¹ Division of Biostatistics, Dalla Lana School of Public Health, University of Toronto, Toronto, Ontario, Canada.

PMID: 23950724
PMCID: PMC3738448
DOI: 10.1371/journal.pgen.1003609

Abstract

Next generation sequencing has dramatically increased our ability to localize disease-causing variants by providing base-pair level information at costs increasingly feasible for the large sample sizes required to detect complex-trait associations. Yet, identification of causal variants within an established region of association remains a challenge. Counter-intuitively, certain factors that increase power to detect an associated region can decrease power to localize the causal variant. First, combining GWAS with imputation or low coverage sequencing to achieve the large sample sizes required for high power can have the unintended effect of producing differential genotyping error among SNPs. This tends to bias the relative evidence for association toward better genotyped SNPs. Second, re-use of GWAS data for fine-mapping exploits previous findings to ensure genome-wide significance in GWAS-associated regions. However, using GWAS findings to inform fine-mapping analysis can bias evidence away from the causal SNP toward the tag SNP and SNPs in high LD with the tag. Together these factors can reduce power to localize the causal SNP by more than half. Other strategies commonly employed to increase power to detect association, namely increasing sample size and using higher density genotyping arrays, can, in certain common scenarios, actually exacerbate these effects and further decrease power to localize causal variants. We develop a re-ranking procedure that accounts for these adverse effects and substantially improves the accuracy of causal SNP identification, often doubling the probability that the causal SNP is top-ranked. Application to the NCI BPC3 aggressive prostate cancer GWAS with imputation meta-analysis identified a new top SNP at 2 of 3 associated loci and several additional possible causal SNPs at these loci that may have otherwise been overlooked. This method is simple to implement using R scripts provided on the author's website.

PubMed Disclaimer

Conflict of interest statement

The authors have declared that no competing interests exist.

Figures

**Figure 1. Tagging effect decreases localization success rates with or without the selection effect.**
The expected values of the association test statistics at a tag SNP (red) and the causal SNP (black), shading from 25^th–75^th percentiles (**A, C**), and the localization success rates (**B, D**) for association studies (1000 cases and 1000 controls) of one causal SNP (MAF = 0.12; OR = 1.25; perfect genotyping accuracy) and one tag SNP (MAF = 0.12; in varying degree of correlation with the causal SNP, *r =* 0.2 to 1; perfect genotyping accuracy) with no selection for significance at the tag SNP (**A, B**) or selection at the tag SNP requiring the test statistic *T_G* to be significant with p-value<0.05 (**C, D**).

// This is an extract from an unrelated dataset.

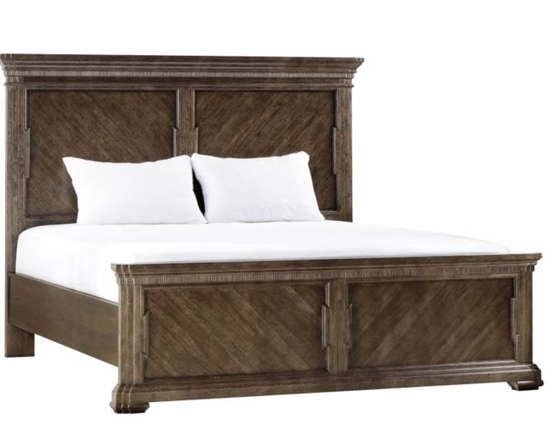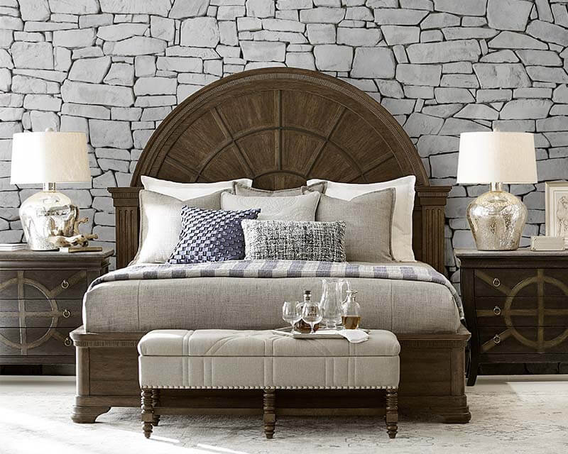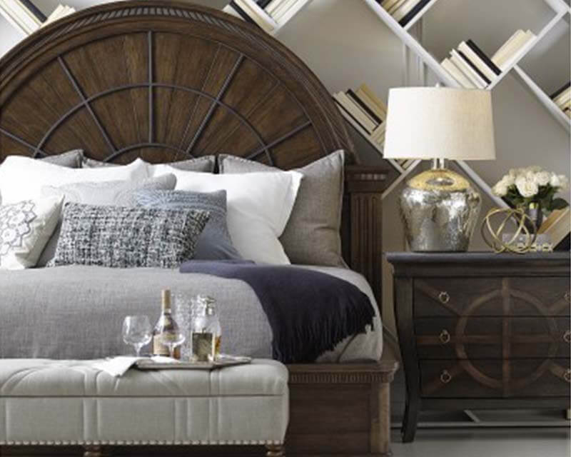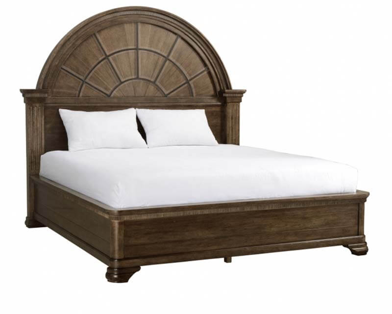 The handsome American Chapter Conservatory Bed by ART Furniture offers dramatic architectural detail, right down to the oxidized metal “mullions” that overlay the artful veneer of the arched headboard.

**Figure 2. Low genotyping accuracy further reduces localization success rates with or without the selection effect.**
Localization success rates for association studies (1000 cases and 1000 controls) of one causal SNP (MAF = 0.12; OR = 1.25; *imperfect genotyping accuracy* due to sequencing or imputation errors resulting in correlation between the actual and estimated genotypes *ρ_C =* 0.80 (blue dash-dotted) to 1 (black solid) and one tag SNP (MAF = 0.12; in varying degree of correlation with the causal SNP, *r_CG =* 0.2 to 1 (X-axis); perfect genotyping accuracy with ρ ***_G =*** 1) with no selection for significance at the tag SNP (A) or selection at the tag SNP requiring the test statistic *T_G* to be significant with p-value<0.05 (B).

**Figure 3. Well-tagged causal SNPs sequenced with low accuracy are unlikely to be correctly identified even as sample size increases.**
Localization success rates for association studies (sample size from 50∶50 cases∶controls to 5000∶5000 cases∶controls, X-axis) of one causal SNP (MAF = 0.12; OR = 1.25; *imperfect genotyping accuracy* due to sequencing or imputation errors resulting in correlation between the actual and estimated genotypes *ρ_C = 0.95*) and one tag SNP (MAF = 0.12; *in high correlation with the causal SNP, r_CG* = 0.8 (purple solid) to 0.98 (red dashed); *100% genotyping accuracy with ρ* _G *= 1*) with no selection for significance at the tag SNP.

**Figure 4. Naïve test statistics and re-ranking statistics for regions surrounding rs78246868 in the 8q24.21 region for association with prostate cancer risk.**
Naïve test statistics (A), and re-ranking statistics adjusting for genotyping accuracy (B) for SNPs in LD (r²>0.2) with rs78246868. Circles highlight SNPs whose rank changed considerably after re-ranking. Color indicates pair-wise correlation with the most significant SNP in the region selected based on the naïve ranking (purple diamond). Other shapes indicate genotyping accuracy over all 7 studies as measured by *ρ_meta*. rs78246868 is no longer the most significant SNP in the region after re-ranking.

**Figure 5. Naïve test statistics and re-ranking statistics for regions surrounding rs8071558 in the 17q24.3 region for association with prostate cancer risk.**
Naïve test statistics (A), and re-ranking statistics adjusting for genotyping accuracy (B) for SNPs in LD (r²>0.2) with rs8071558. Circles highlight SNPs whose rank changed considerably after re-ranking. Color indicates pair-wise correlation with the most significant SNP in the region selected based on the naïve ranking (purple diamond). Other shape indicates genotyping accuracy over all 7 studies as measured by *ρ_meta*, rs8071558 is no longer the most significant SNP in the region after re-ranking.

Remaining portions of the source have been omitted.